◆ **Your assignment**
The answer must reproduce the listing exactly, with every picture left out.

◆ **Given data**
--------------------

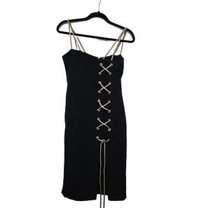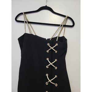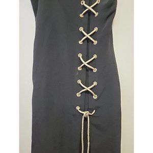 Vintage 80s Joan Raines I Magnum Shoelace Mini Dress Black Gold Small
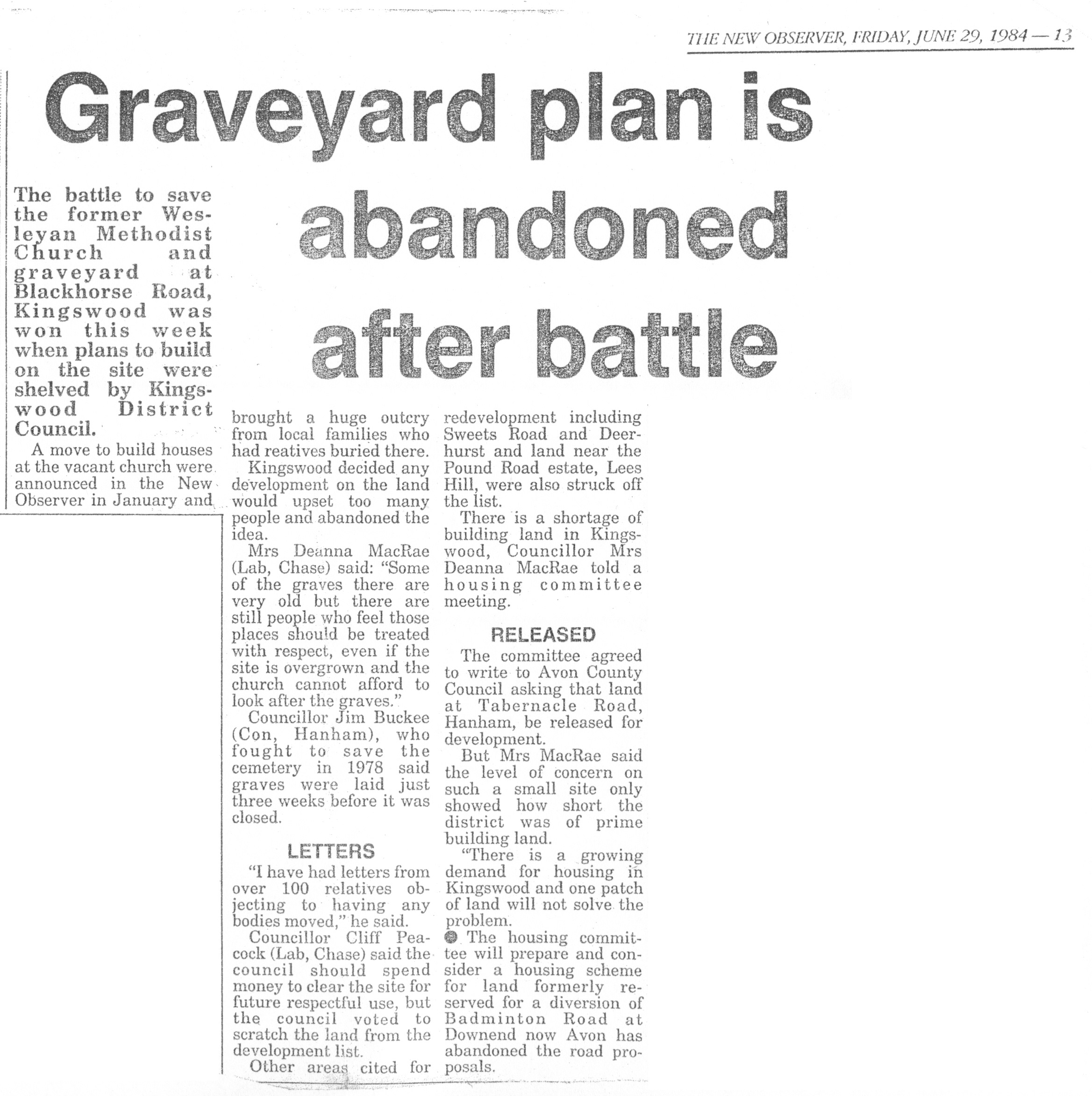 - 29 Jan 1991, Evening Post (opposition to plans for 24 flats on burial ground)
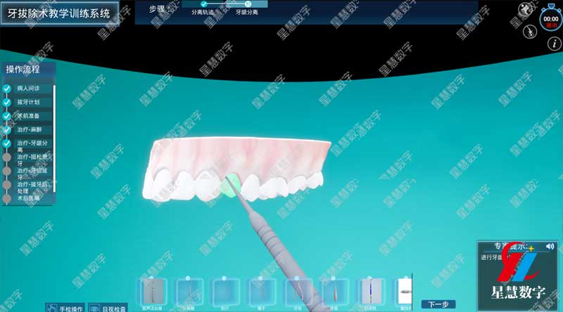 系统随后引导学生进行单项技能训练,如局部阻滞麻醉、牙龈分离、牙挺及牙钳的选择和使用等。每个环节都有详细的操作指导和实时反馈。

--------------------

◆ **Written answer**
 Vintage 80s Joan Raines I Magnum Shoelace Mini Dress Black Gold Small
 - 29 Jan 1991, Evening Post (opposition to plans for 24 flats on burial ground)
 系统随后引导学生进行单项技能训练,如局部阻滞麻醉、牙龈分离、牙挺及牙钳的选择和使用等。每个环节都有详细的操作指导和实时反馈。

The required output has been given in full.